= EXERCISE OBJECTIVE =
Every line of the data below should be retyped exactly, with no images carried over.

= DATA SHOWN =
*** Block opens ***
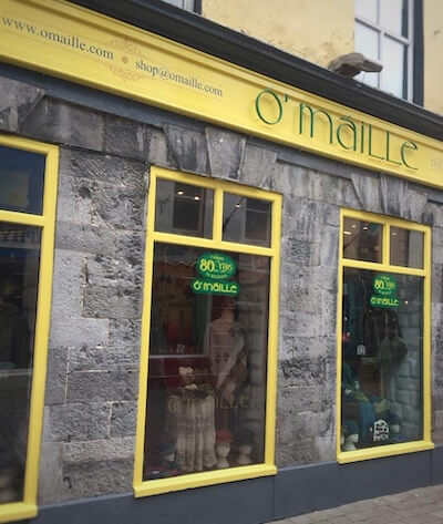They include The Donegal Shop in the Stephen’s Green Shopping Centre in Dublin; the Kerry Woollen Mills in Killarney, Co. Kerry; O’Maille’s of Galway; Achill Knitwear in Achill, County Mayo; An Pucan Craft Shop in Kilronan, Inishmore (Aran Islands); and in the Blarney Woollen Mills shop in Cork and at the Shannon Irish Design Store in the Bunratty Castle Folk Park in County Limerick.
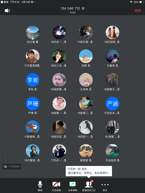 为了提升在线教学水平,保障在线教学质量,推动在线教学顺利开展,2020年4月12日晚20:00—21:00,bat365官网登录入口通过“腾讯会议APP”召开了2020-2021学年第一学期在线教学学情反馈云端会议。参加此次会议的人员主要包括:bat365官网登录入口17级、18级、19级历史学、文化产业管理、旅游管理、导游专业14个教学班的28名学生代表、bat365官网登录入口院长李岩教授、党总支书记童广运老师、主管教学副院长杜红艳副教授、教学秘书李密老师以及三位专职学生辅导员彭晓江老师、任柏阳老师和吉辉老师。会议由杜红艳副院长主持。
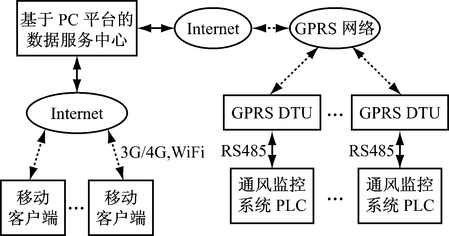 图6为基于移动互联的通风机远程监控系统整体架构。
*** Block closes ***
= SOLUTION FOR THIS TASK =
They include The Donegal Shop in the Stephen’s Green Shopping Centre in Dublin; the Kerry Woollen Mills in Killarney, Co. Kerry; O’Maille’s of Galway; Achill Knitwear in Achill, County Mayo; An Pucan Craft Shop in Kilronan, Inishmore (Aran Islands); and in the Blarney Woollen Mills shop in Cork and at the Shannon Irish Design Store in the Bunratty Castle Folk Park in County Limerick.
 为了提升在线教学水平,保障在线教学质量,推动在线教学顺利开展,2020年4月12日晚20:00—21:00,bat365官网登录入口通过“腾讯会议APP”召开了2020-2021学年第一学期在线教学学情反馈云端会议。参加此次会议的人员主要包括:bat365官网登录入口17级、18级、19级历史学、文化产业管理、旅游管理、导游专业14个教学班的28名学生代表、bat365官网登录入口院长李岩教授、党总支书记童广运老师、主管教学副院长杜红艳副教授、教学秘书李密老师以及三位专职学生辅导员彭晓江老师、任柏阳老师和吉辉老师。会议由杜红艳副院长主持。
 图6为基于移动互联的通风机远程监控系统整体架构。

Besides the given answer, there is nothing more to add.